La primera vez, el bloqueo de Trump contribuyó a presionar a los iraníes para que se sentaran a la mesa de negociaciones y allanó el camino para el memorando de entendimiento y un marco para una paz más duradera.
Ahora, según Kelanic, la influencia del presidente sobre Irán podría haberse reducido.
«Ya ha intentado todo aquello que puede hacer con facilidad y credibilidad», dijo. «Puede atacar objetivos militares, objetivos del régimen. Ya lo ha hecho antes, y eso no provocó la rendición de Irán».
El último objetivo que Trump ha sugerido es la montaña Pickaxe, un centro de investigación nuclear fuertemente fortificado al sur de Teherán. Sin embargo, existen pruebas contradictorias sobre el valor del lugar, así como sobre si los ataques aéreos estadounidenses pueden causar daños significativos a los túneles, que se encuentran a gran profundidad bajo la roca granítica.
Si las últimas medidas de Trump terminan finalmente con otro alto el fuego y conversaciones cara a cara, los desacuerdos subyacentes y difíciles de conciliar —sobre Ormuz, sobre la situación del programa nuclear iraní, sobre la influencia de Irán en Oriente Medio— persistirán.
«Creo que hay margen para negociar un acuerdo sobre el estrecho de Ormuz», dijo Abrams. «Pero no para volver al memorando de entendimiento».
Cuando la guerra se acerca a su quinto mes, Trump volvió a señalar el lunes que otros conflictos estadounidenses, incluida la guerra de Vietnam, se prolongaron durante años.
Sin embargo, ese atolladero en particular obstaculizó y finalmente puso fin a la presidencia de Lyndon Baines Johnson y dañó la posición de Estados Unidos en el mundo durante al menos una década. Ese es un destino que Trump sin duda espera evitar.

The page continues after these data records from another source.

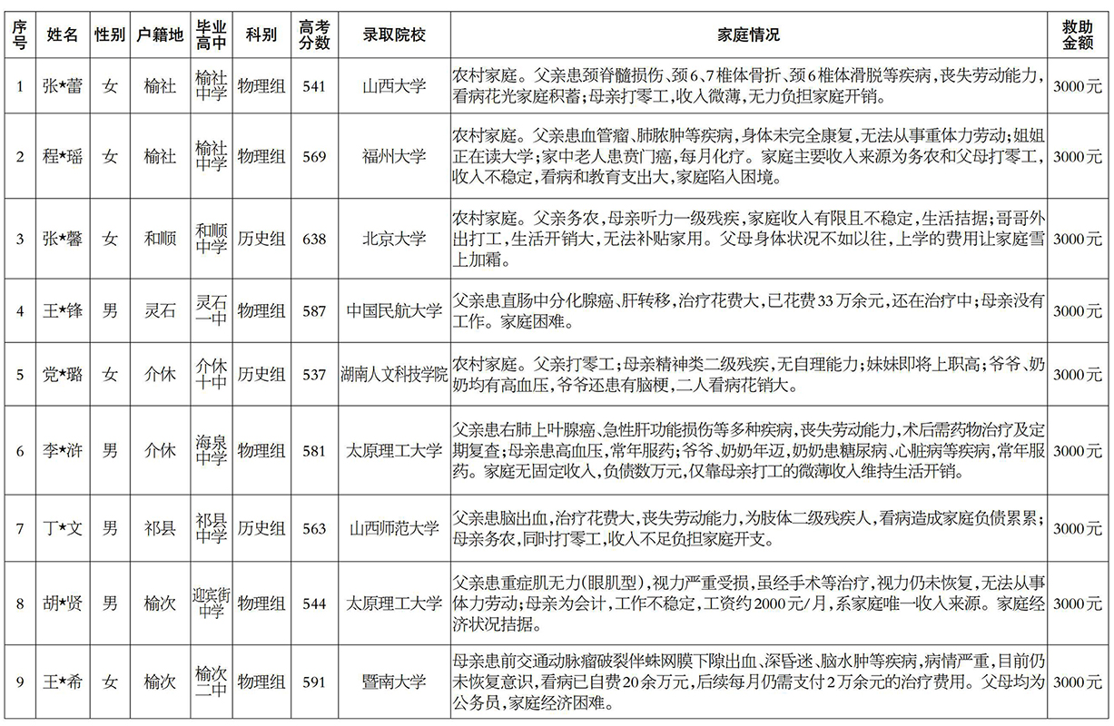 现将拟救助的9名学生的基本情况进行公示,并主动接受社会各界的监督。公示时间为3个自然日,期间如发现学生申报情况不实,或已得到其他组织5000元(含)以上救助,晋中市红十字会将据实取消救助。
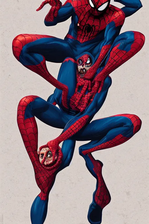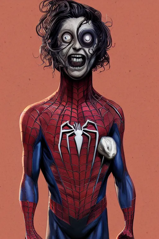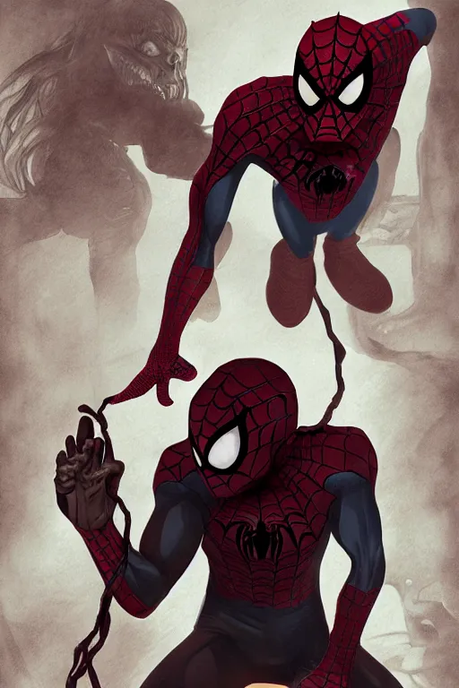 spiderman in sleepy hollow, full body, big two toned eyes, teeth gritted, horror, intricate details, cinematic, epic, realistic, anatomy, tomer hanuka, uplight, artstation, photorealistic, scary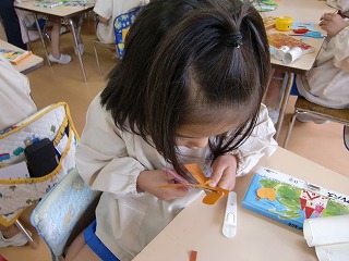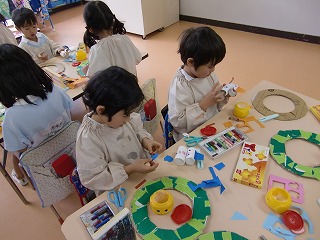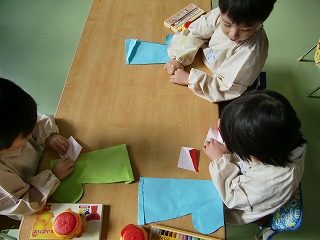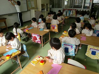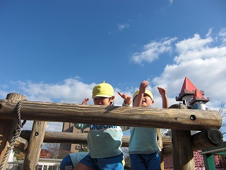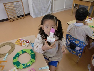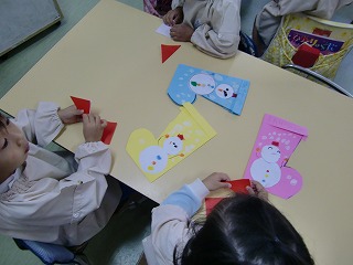 今日は楽しみにしていたクリスマス会☆サンタ探しゲームや英語の先生とカードゲームや歌をうたいました♪そして、そして…長丘幼稚園にサンタクロースが来てくれました。子ども達は大喜び!!サンタさんと一緒に「あわてんぼうのサンタクロース」を歌ったり、クイズしたり。教室に帰ると、サンタさんからの手紙とプレゼントがあり、みんなで「サンタさん、ありがとう」をお空に向かって言いました。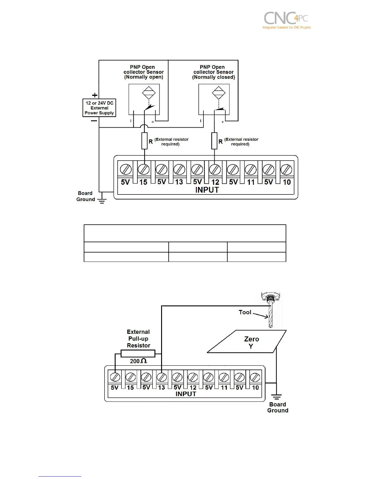 Table 15 R value to Connect PNP open collector proximity sensor with the C33.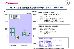 世界的な消費の冷え込みや円高の影響、また主にカーオーディオやDVDドライブ、プラズマディスプレイ、カーナビの売り上げが減少したことから売上高が減少。構造改革の効果や、プラズマディスプレイに関する特許料収入の一括計上などにより販売費や一般管理費が減少したが、売上高が減少したことなどにより、営業損失は88億円となった。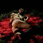 The pretty blonde with natural breasts resting in the evening light.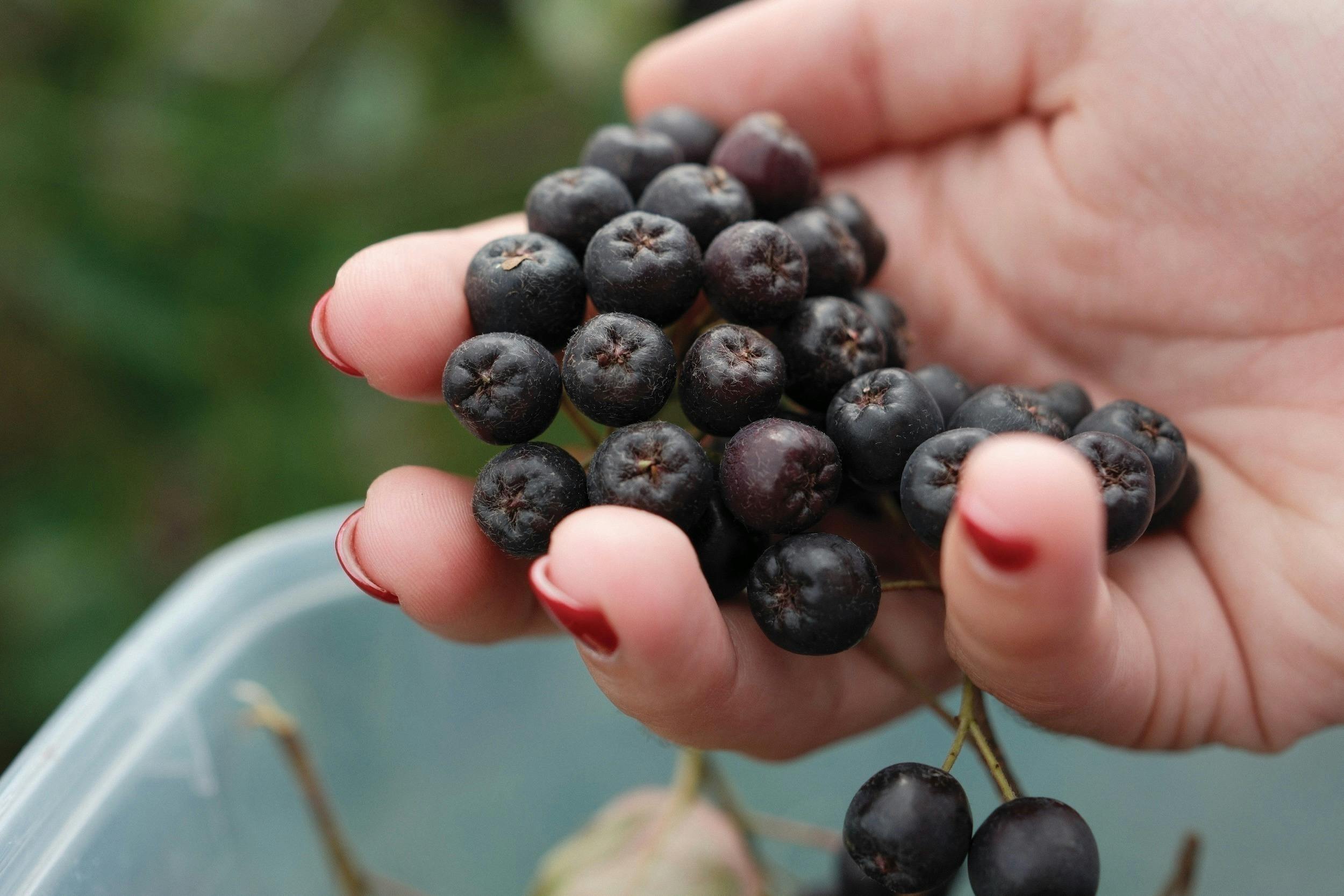 丁寧に手詰みされるジューシーなアロニアベリー

Sus partidarios también están cansados de repetir el tipo de «guerras interminables» en Oriente Medio que Trump condenó en campañas presidenciales anteriores.
Pero con el memorando de entendimiento hecho añicos, el alto el fuego terminado y la perspectiva de un nuevo conflicto cerniéndose sobre nosotros, el fin de la guerra con Irán no parece estar más cerca de una solución que en las semanas posteriores a su inicio.